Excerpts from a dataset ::
• • • • •

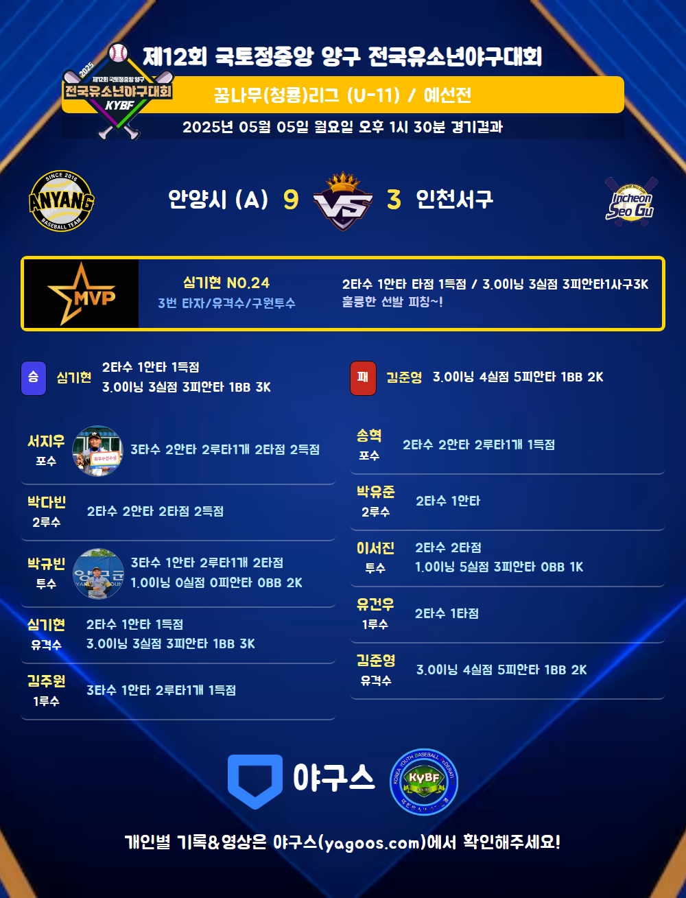 | 1 | 심기현(24) | 승 | 3.0 | 14 | 12 | 3 | - | 2 | 3 | 54 | 3 | 3 | 9.00 |
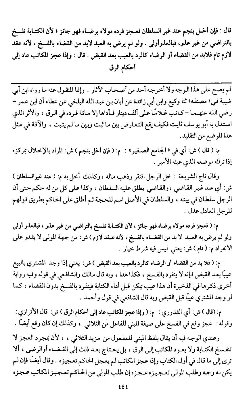 قال: فإن أخل بنجم عند غير السلطان فعجز فرده مولاه برضاه فهو جائز؛ لأن الكتابة تفسخ بالتراضي من غير عذر، فبالعذر أولى. ولو لم يرض به العبد لا بد من القضاء بالفسخ؛ لأنه عقد لازم تام فلا بد من القضاء أو الرضاء كالرد بالعيب بعد القبض. قال: وإذا عجز المكاتب عاد إلى أحكام الرق
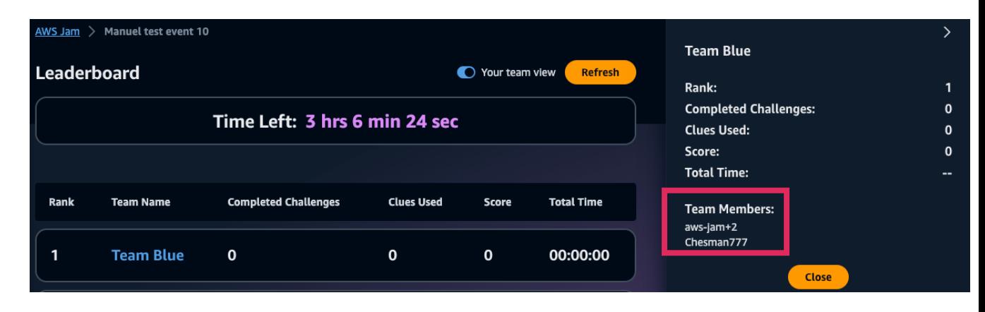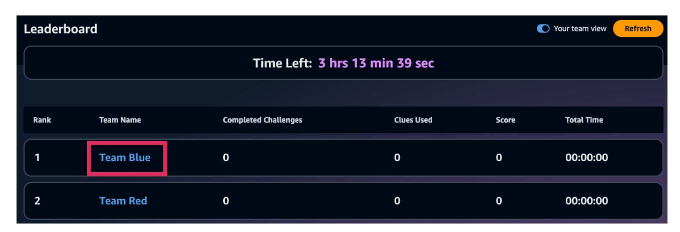- The leaderboard shows how much time is left for the challenges, team rankings and team statistics. Choose a team name to see its team members
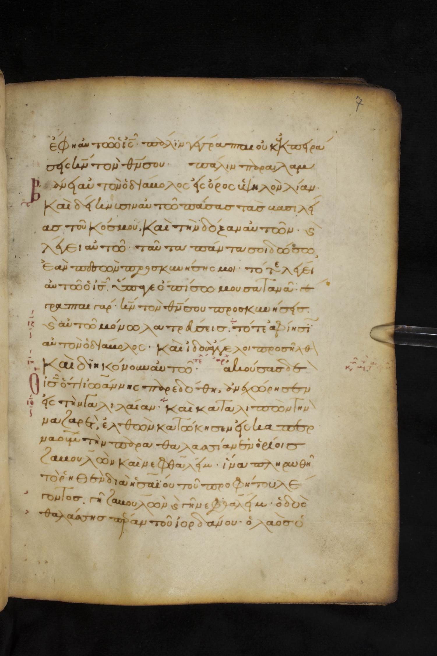 Thirteenth century minuscule of the Gospels on parchment; 172 leaves, 1 column, 20-30 lines per column. Images were taken at the National Library of Greece in Athens.
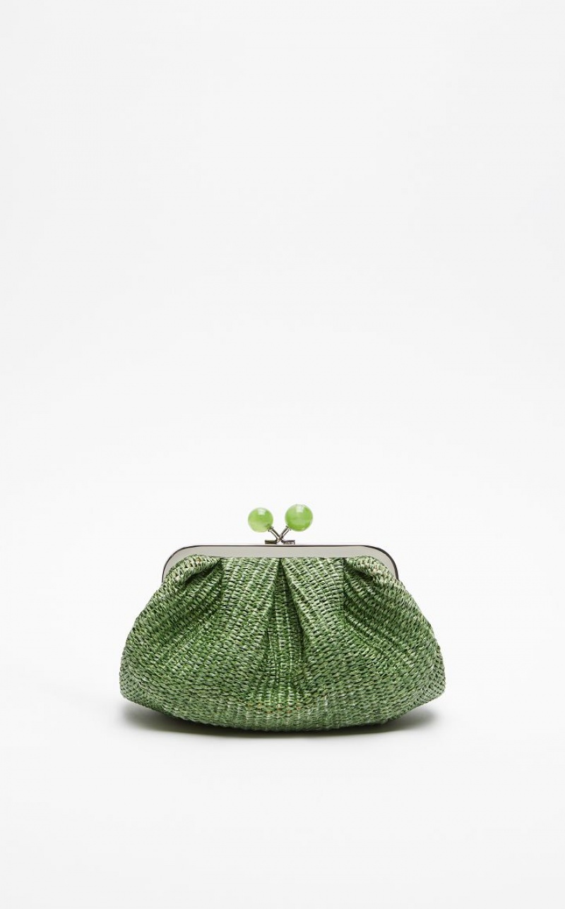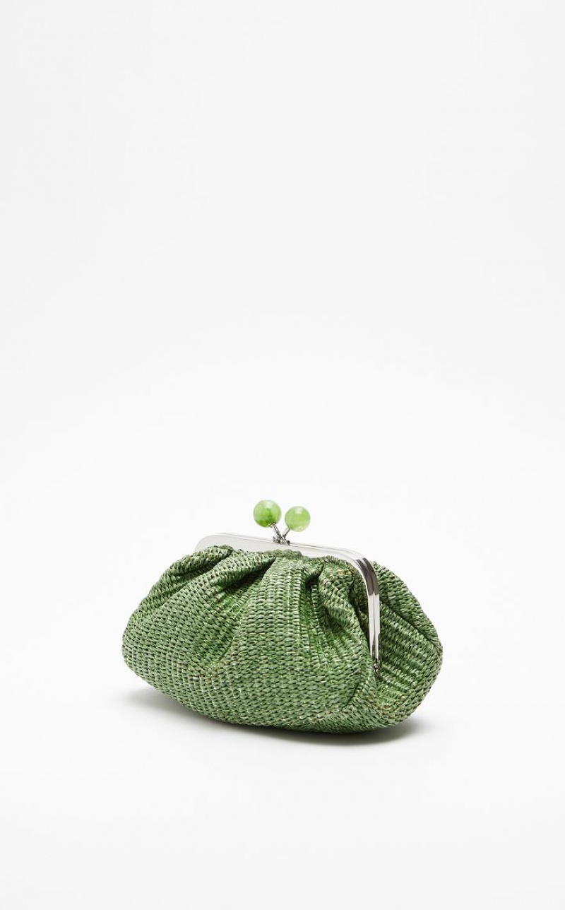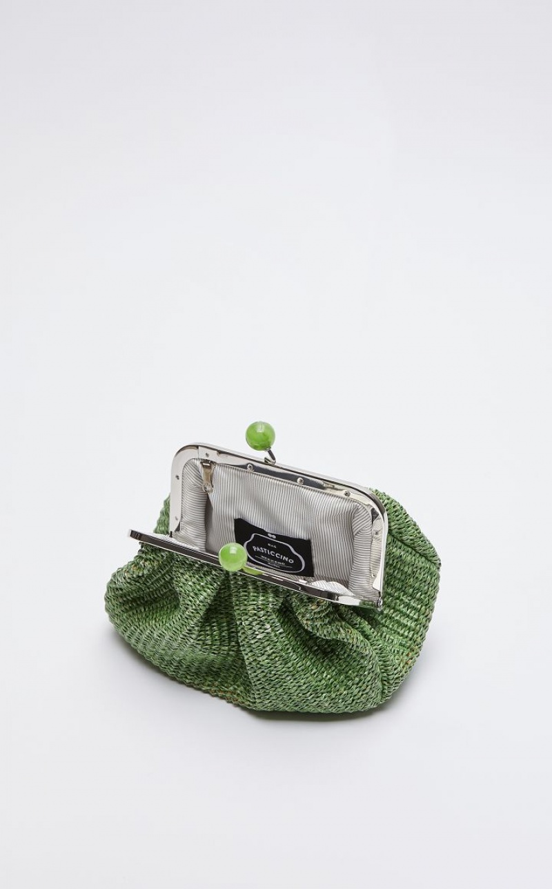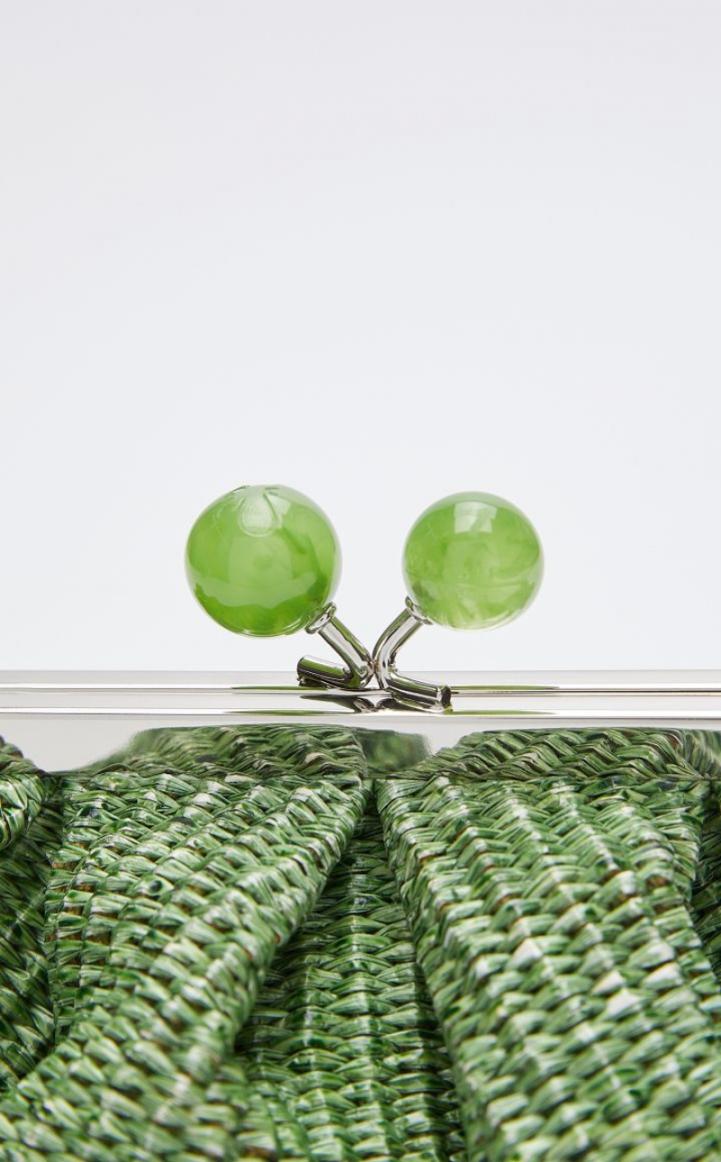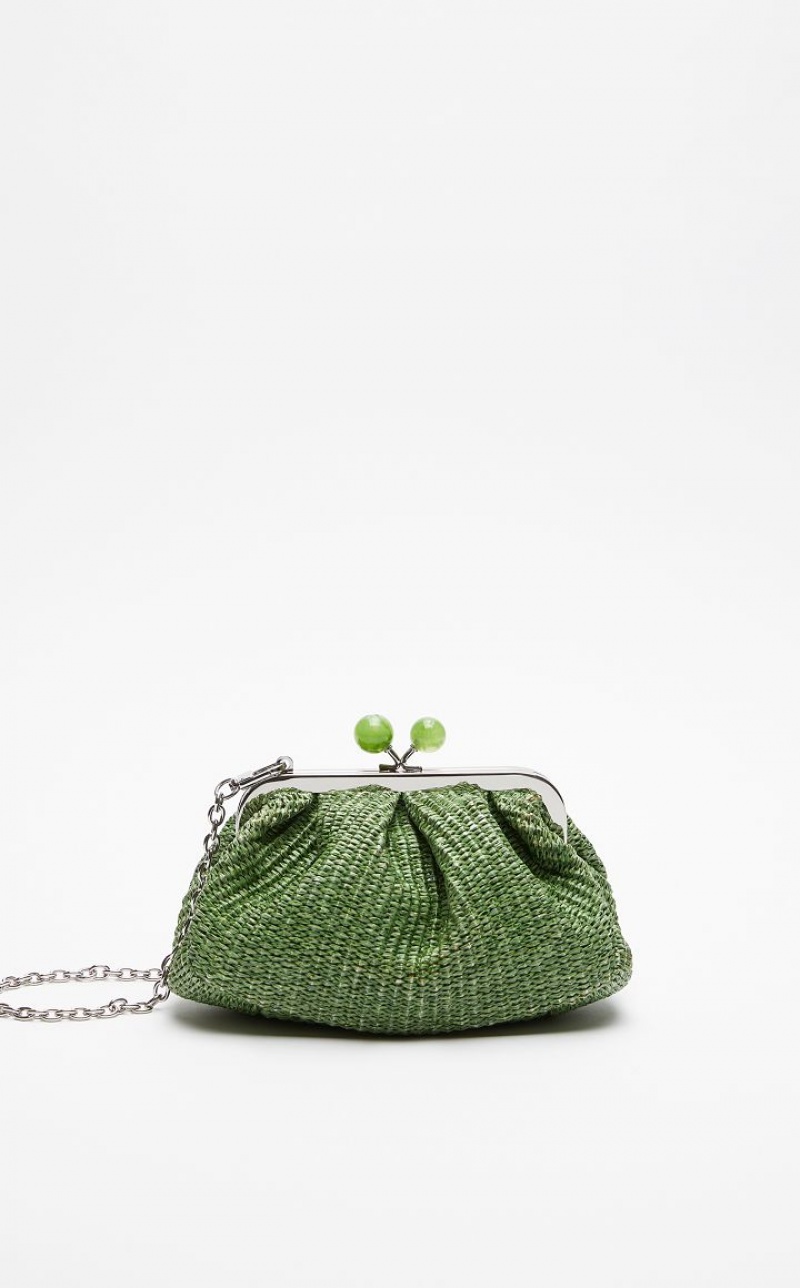 The Small Pasticcino Bag is the super clutch that adds a touch of personal charm to your everyday style. Made of cotton raffia, with lined interior. The detachable chain strap with leather detail makes for a versatile style: wear it as a crossbody or handbag to accessorise an on trend outfit. Finished with resin spheres and custom label on the inside. Its deconstructed silhouette and deliberately oversized proportions make it perfect to meet your every need.
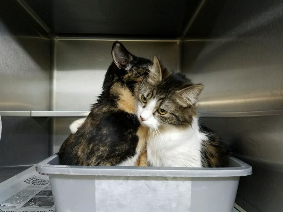 Two beautiful bonded cats never stopped cuddling when they were waiting for their forever home at the shelter.
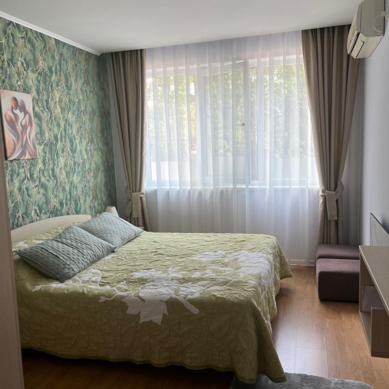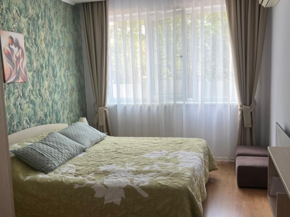 For sale is a bright and fully furnished three-room apartment in the well-maintained residential complex Green Fort, ideally located between Sunny Beach and Sveti Vlas, just about 250 meters from the beach.
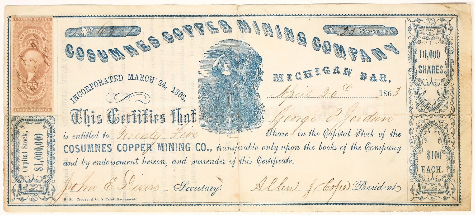 Inc. March 1863. No. 63, issued for 25 shares to George Jordan at Michigan Bar, April 1863. Signed by president Allen Cope and secretary John Dixon. Not cancelled. Blue print and allegorical vignette. 25 cent revenue stamp at upper left. Heavy folds, some soiling. This company operated a mine on the Middle Fork of the Cosumnes River four miles east of Fair Play, El Dorado County.
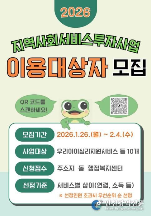 [인천광역신문] 박진 기자 | 수원특례시는 1월 26일부터 2월 4일까지 ‘2026년 지역사회 서비스 투자사업’ 이용자를 모집한다.
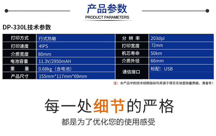 得实DP-330L是一款工业级便携式热敏标签打印机,采用双色一次性硅树脂注塑工艺,整机皮实耐用,抗摔能力强,即使从1.2米高度跌落到水泥地面上,打印机也能正常功能。打印速度达4英寸/秒,工作效率大大提升,3芯11.3V 2950mA锂电池设计,智能省电设计,续航能力强,广泛适用于物流仓储、交警、邮政、烟草、超市、服装等领域。
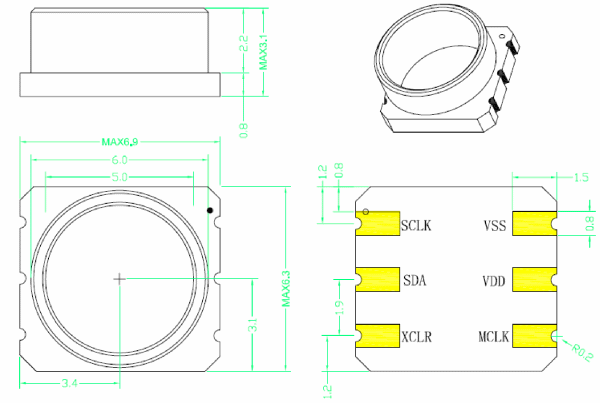 Модуль HP03MA имеет компактное текстолитовое основание (6.9x6.3x3.1mm) для автоматического монтажа и рассчитан на температурный диапазон: −20°C…+60°C.

• • • • •

What to produce ::
When copying the entries, drop the images and keep every line exact.

Solved exercise ::
 | 1 | 심기현(24) | 승 | 3.0 | 14 | 12 | 3 | - | 2 | 3 | 54 | 3 | 3 | 9.00 |
 قال: فإن أخل بنجم عند غير السلطان فعجز فرده مولاه برضاه فهو جائز؛ لأن الكتابة تفسخ بالتراضي من غير عذر، فبالعذر أولى. ولو لم يرض به العبد لا بد من القضاء بالفسخ؛ لأنه عقد لازم تام فلا بد من القضاء أو الرضاء كالرد بالعيب بعد القبض. قال: وإذا عجز المكاتب عاد إلى أحكام الرق
- The leaderboard shows how much time is left for the challenges, team rankings and team statistics. Choose a team name to see its team members
 Thirteenth century minuscule of the Gospels on parchment; 172 leaves, 1 column, 20-30 lines per column. Images were taken at the National Library of Greece in Athens.
 The Small Pasticcino Bag is the super clutch that adds a touch of personal charm to your everyday style. Made of cotton raffia, with lined interior. The detachable chain strap with leather detail makes for a versatile style: wear it as a crossbody or handbag to accessorise an on trend outfit. Finished with resin spheres and custom label on the inside. Its deconstructed silhouette and deliberately oversized proportions make it perfect to meet your every need.
 Two beautiful bonded cats never stopped cuddling when they were waiting for their forever home at the shelter.
 For sale is a bright and fully furnished three-room apartment in the well-maintained residential complex Green Fort, ideally located between Sunny Beach and Sveti Vlas, just about 250 meters from the beach.
 Inc. March 1863. No. 63, issued for 25 shares to George Jordan at Michigan Bar, April 1863. Signed by president Allen Cope and secretary John Dixon. Not cancelled. Blue print and allegorical vignette. 25 cent revenue stamp at upper left. Heavy folds, some soiling. This company operated a mine on the Middle Fork of the Cosumnes River four miles east of Fair Play, El Dorado County.
 [인천광역신문] 박진 기자 | 수원특례시는 1월 26일부터 2월 4일까지 ‘2026년 지역사회 서비스 투자사업’ 이용자를 모집한다.
 得实DP-330L是一款工业级便携式热敏标签打印机,采用双色一次性硅树脂注塑工艺,整机皮实耐用,抗摔能力强,即使从1.2米高度跌落到水泥地面上,打印机也能正常功能。打印速度达4英寸/秒,工作效率大大提升,3芯11.3V 2950mA锂电池设计,智能省电设计,续航能力强,广泛适用于物流仓储、交警、邮政、烟草、超市、服装等领域。
 Модуль HP03MA имеет компактное текстолитовое основание (6.9x6.3x3.1mm) для автоматического монтажа и рассчитан на температурный диапазон: −20°C…+60°C.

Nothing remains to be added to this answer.